The trade-offs between the two methods are that polling is very inefficient, since you are doing no useful work while writing out “hello world”, whereas interrupts are a bit more difficult to get working the first time, and are not very well understood by beginners.

QSPI – The QSPI is a submodule that implements the SPI protocol for transferring information between a master processor and a slave device over a short distance (typically between chips on the same board or between boards) at a very high speed (typically around 250,000 to 1,000,000 messages per second)

The “Q” in QSPI stands for queued. The QSPI can queue up to 16 commands, set up the queue, start it, go off and do something else and it will tell you when it is done (polling or interrupts again).

There are lots of chips made that use the SPI protocol, like clock chips, ADC, DAC, communication, and other processor chips. This processor can talk to up to 16 SPI chips in one system.

TPU – This is the cool bit. A lot of chips have their equivalent of the SIM, SCI, and QSPI, but the TPU is unique. The TPU is a processor within the processor, running independent of the main processor (using polling or interrupts again), controlling systems where you have turn pins on and off according to some strict time schedule and sequence.

The simplest time function that the TPU does is DIO which could be best described as a parallel port. Other functions would be things like SCI and SPI, in case you need another.
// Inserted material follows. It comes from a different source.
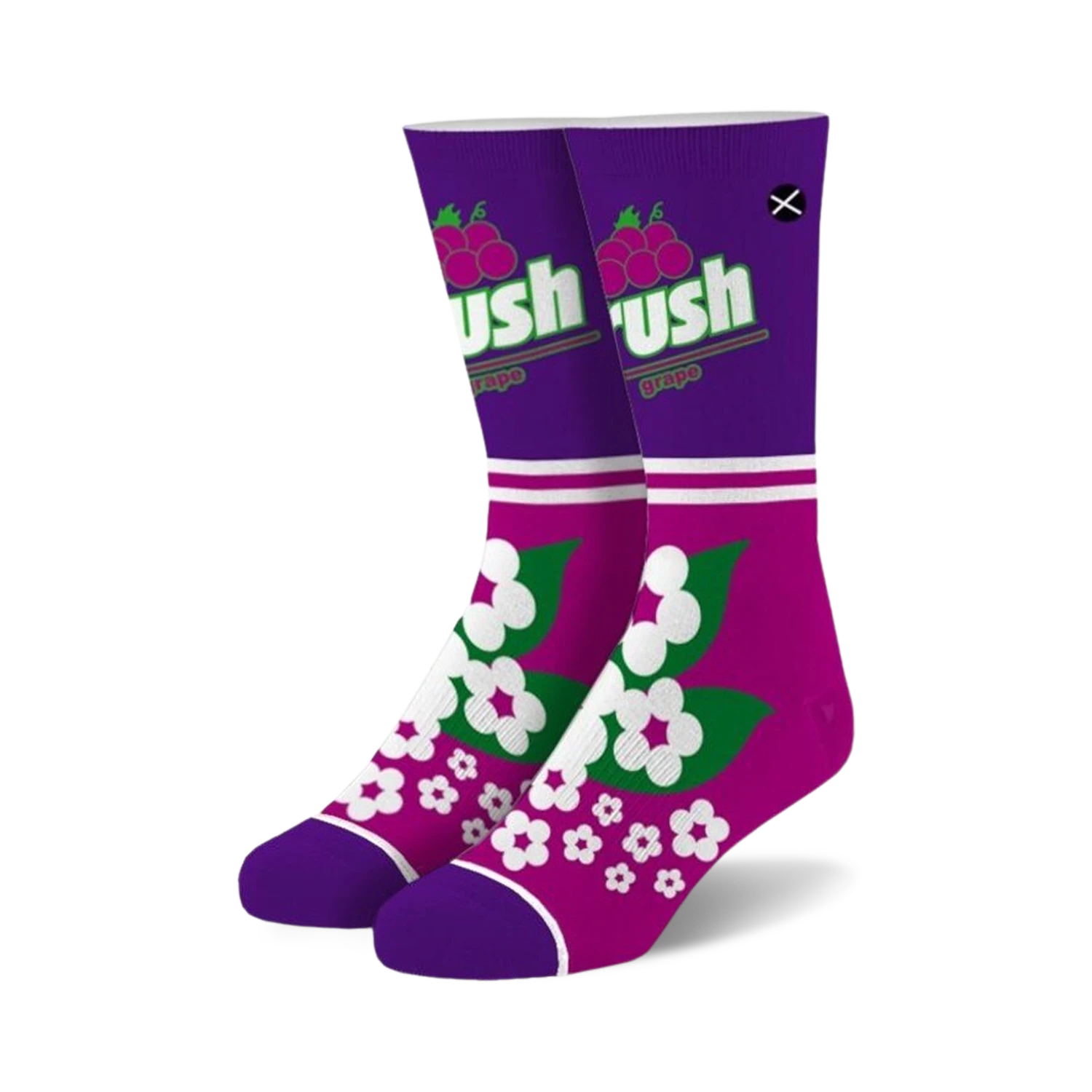 Get ready to crush it with the Crush Grape Half Stripe Crew Socks! These socks are berry special with a vivid purple body, crisp white toe, heel, and top, and blooming light purple stripes with green leaves and white flowers growing up the sides. And just like a glass of grape juice, these socks are grape-tastic! Rock these crew socks, suitable for both men and women, next time you need a fun reminder that you can crush it even when life throws lemons your way.

We will be using a special set of functions, written by Motorola (Freescale) that are specifically written to control a 4 stroke internal combustion engine. The functions track the position of the engine through its 720° cycle and provide the hooks to generate outputs synchronized to the engine position for ignition and injection events. Other typical outputs would be DIO for fuel relays and PWM (pulse width modulation) for idle control.